Хоть мечта была диковинная, детская, подрезать девочке крылья Катина не стала. Зачем препятствовать духу, который стремится ввысь, хоть бы даже и к облакам?
В прошлый год это было, в начале лета. Отправилась Полина Афанасьевна в Москву, за англичанином. Французов-то в городе было, как блох на собаке, а вот альбионца, да чтоб дельный, пришлось поискать. Но ничего, нашла. И доставила.
Фома Фомич Женкин был штурманом с британского купеческого корабля, захваченного нашими на Балтике, потому что у нас с Англией теперь контры. Пленную команду отправили по этапу вглубь России. На московской гауптвахте Катина моряка и забрала, за барашка в бумажке. Рассудила: если штурман, значит, человек сколько-нисколько образованный. Языку-то Сашеньку обучить сумеет.
Конечно, поприсутствовала на занятиях, понаблюдала.
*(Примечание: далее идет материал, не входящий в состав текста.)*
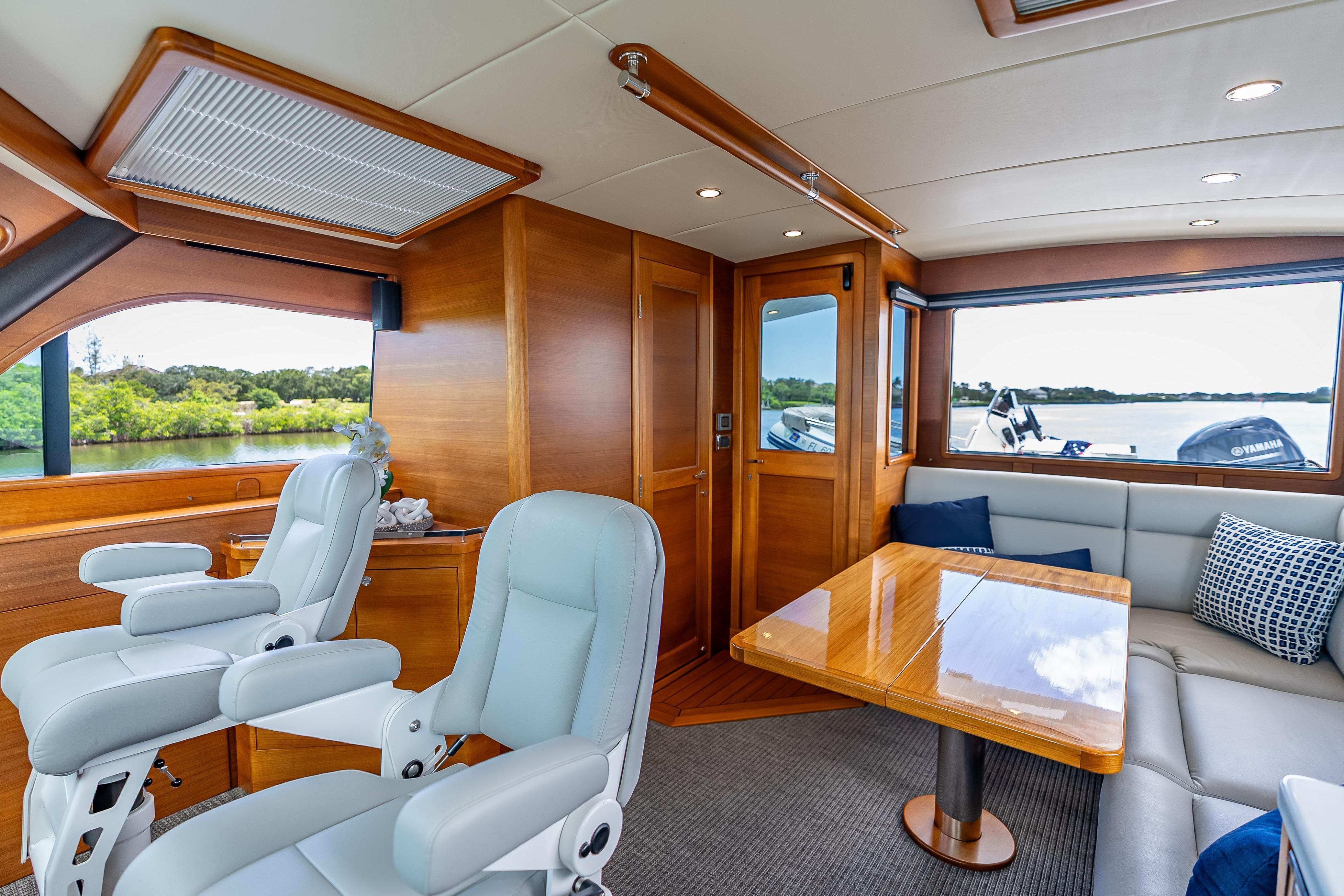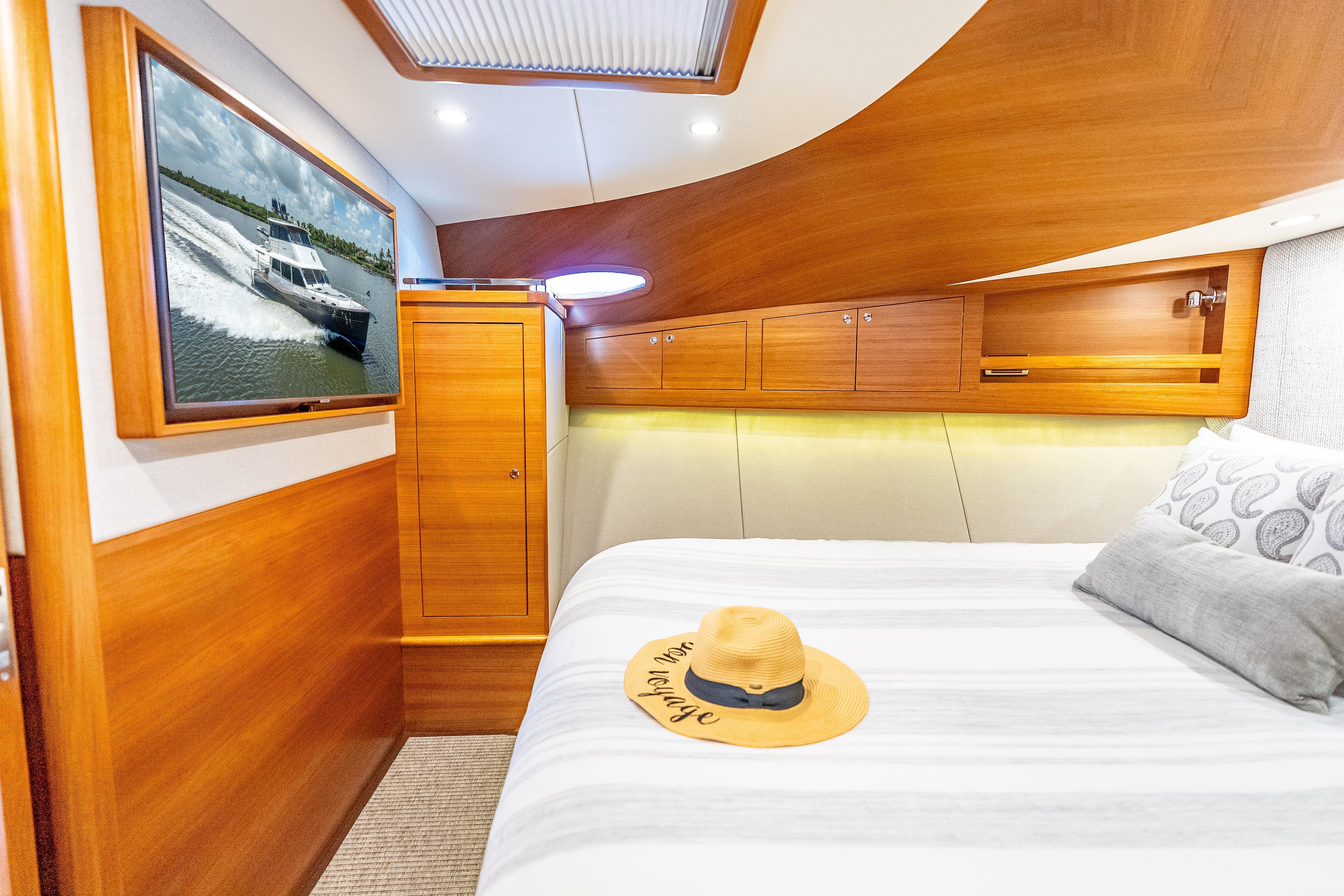 - Flooring: Teak in Salon, Galley, Helm Area, Companionway, Master Stateroom (inboard area), Forward VIP Stateroom, and Heads
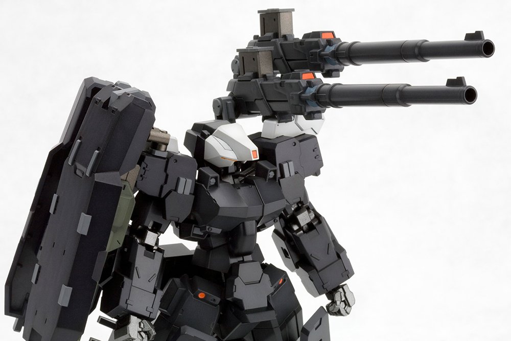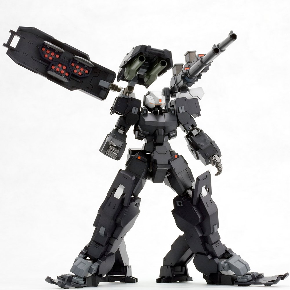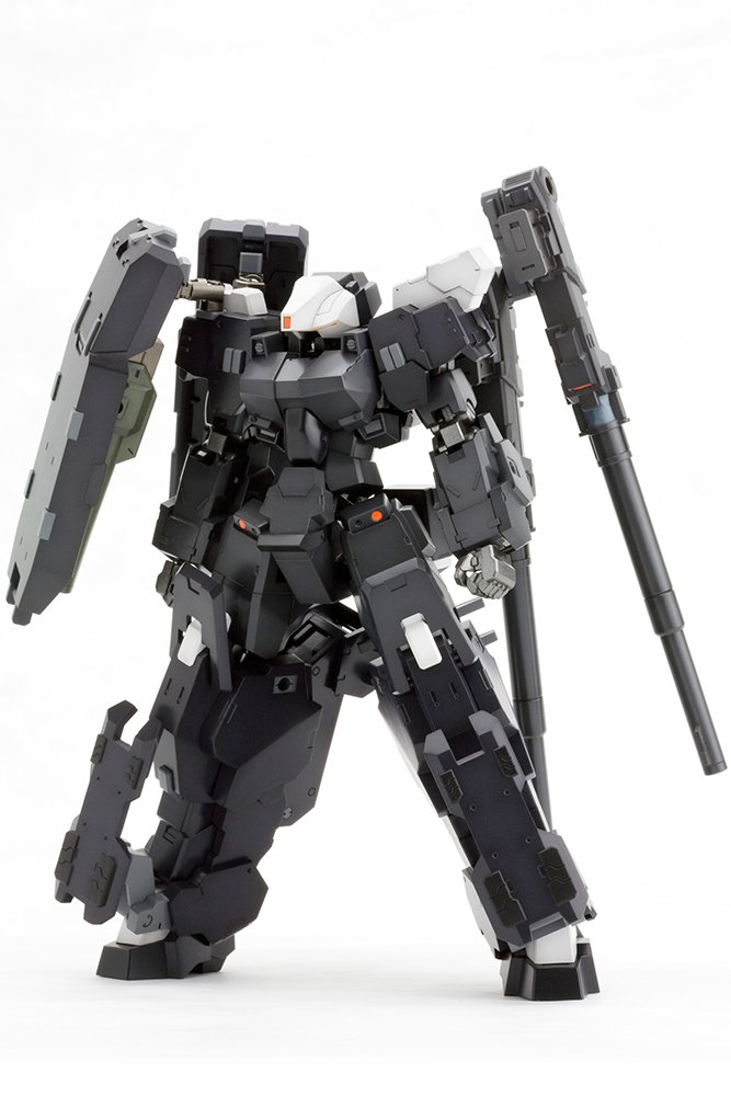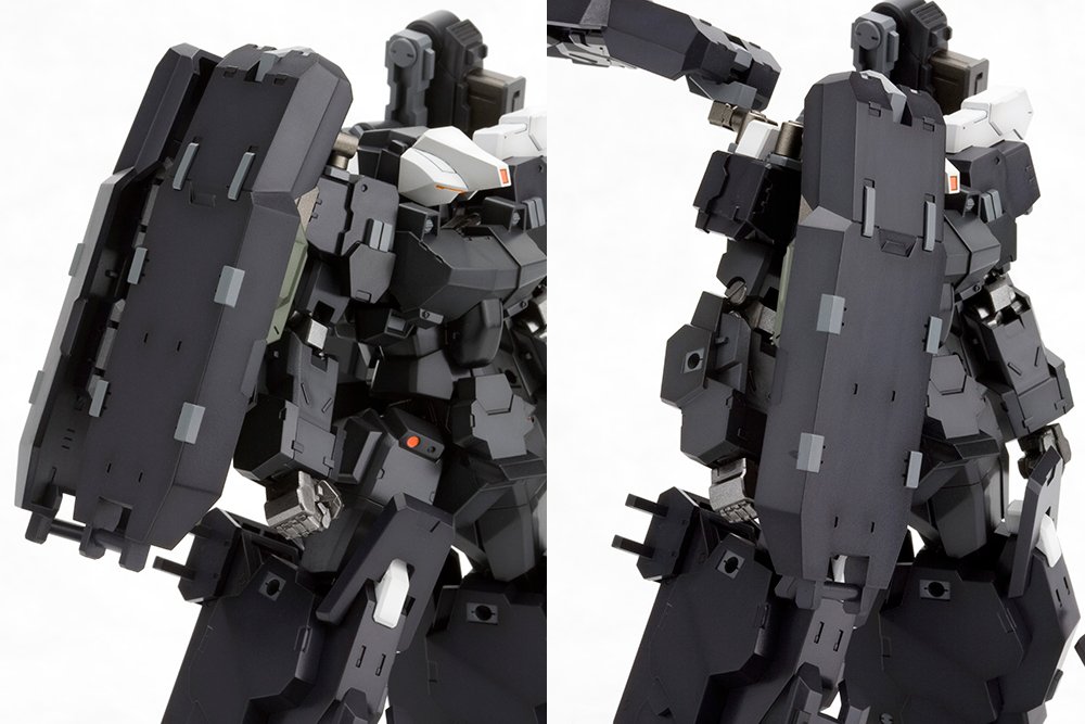 The large shield which was rearranged on the right shoulder is interior decorated with two types of weapons, which become new parts, and is flexibly movable by the newly designed 4 axis joint, and various situations can be reproduced from the defensive form to the shooting form.
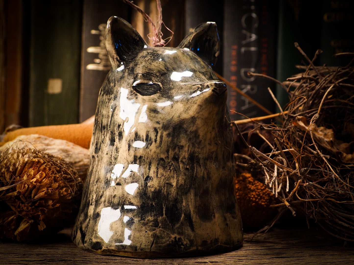 I am delighted with the results of my experiments. Using high fire ceramic clay, I hand sculpted wolf and bunny rabbit heads and then added a wooden ball to make it ring. They are glazed in beautiful earth tones and will stand weather and wind when you hang them from your favorite garden spot to enjoy their soothing musical sounds for years to come, all made with lots of love from me, Danita Art, to you.
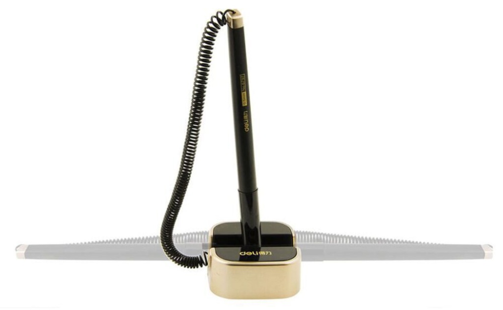 Ручка гелевая, на подставке, на липучке, диаметр шарика 0,7 мм, синяя Ручка гелевая с синими чернилами Deli на пружинке и на подставке с регулируемым углом наклона. Диаметр пишущего узла составляет 0,7 мм. Ручка пишет очень тонко и аккуратно. Гелевая ручка на подставке - неотъемлемый атрибут клиентских офисов. Легко крепится к столу с помощью двухстороннего скотча и подойдет для банков, отелей, сервисных центров и других организаций. Цвет чернил синий
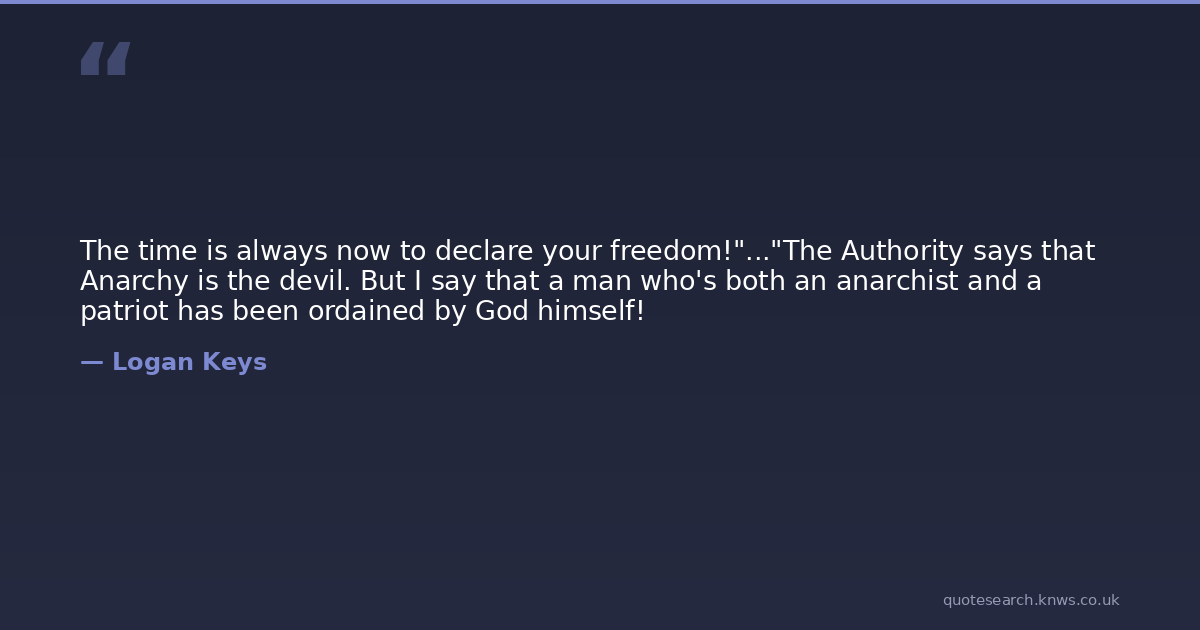 The time is always now to declare your freedom!"..."The Authority says that Anarchy is the devil. But I say that a man who's both an anarchist and a patriot has been ordained by God himself!
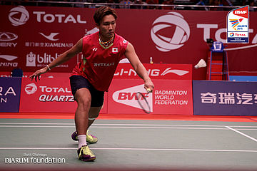 Kento Momota (JPN) bersiap menyambut serve dari Dieter Domke (GER)
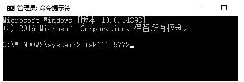 3、然后在命令提示符中輸入:tskill PID號 ,如小編想要結(jié)束pid號為5772的進(jìn)程直接輸入:tskill 5772 按下回車鍵即可
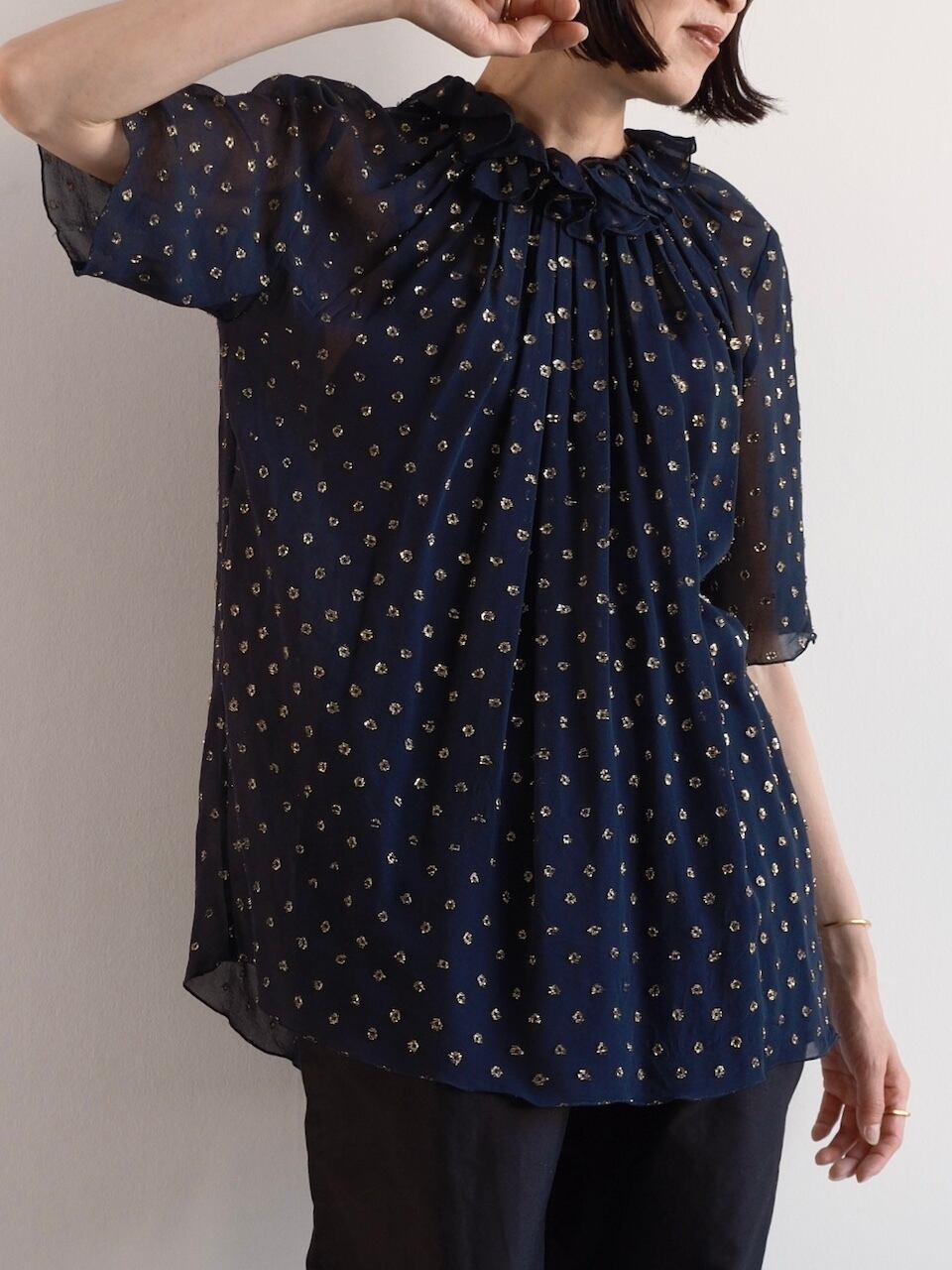 透け感のあるシルク素材にメタリックゴールドのドットをあしらったSTELLA McCARTNEYのブラウス。

Внучке англичанин ужасно понравился, и по-ихнему Сашенька научилась тараторить быстро, прямо заслушаешься. Всяко лучше, чем Фома Фомич по-русски. Он был не то чтоб туповат, но на чужое наречие тугоух. Полина Афанасьевна уже и сама стала неплохо английский понимать, а этот всё уоткал. По справедливости говоря, язык нетрудный, много легче французского. Смешной только, будто все время пузыри пускаешь. А изъясняться легко. Если не знаешь какого слова, просто вставляешь коротенькое «фук» или «щит», вроде как у нас говорят «эта штука» либо «того-этого» – и понятно.
Моряк очень Сашеньку полюбил, они были прямо неразлучны. Где один, там и другой. Вон и сейчас Женкин обнаружился на траве, под плетнем. Сидел, жмурился на солнышко, потягивал из фляги. Он всегда был вполупьяна, но не дурил, не буянил. Говорил, нельзя ему без рому – заболеет. И в заключенном с помещицей условии было прописано: первого числа каждого месяца выдавать ящик ямайского, без этого ни в какую ехать не соглашался. Недешево это обходилось, по двадцать четыре рублика в винной лавке на Кузнецком, но для внучки Полине Афанасьевне было не жалко.
У Фомы Фомича буйные песочные бакенбарды, волоса стянуты в хвост, в ухе серебряная серьга. Увидел, что барыня на него смотрит – приподнял мятую шляпу, под ней голова обвязана красным платком.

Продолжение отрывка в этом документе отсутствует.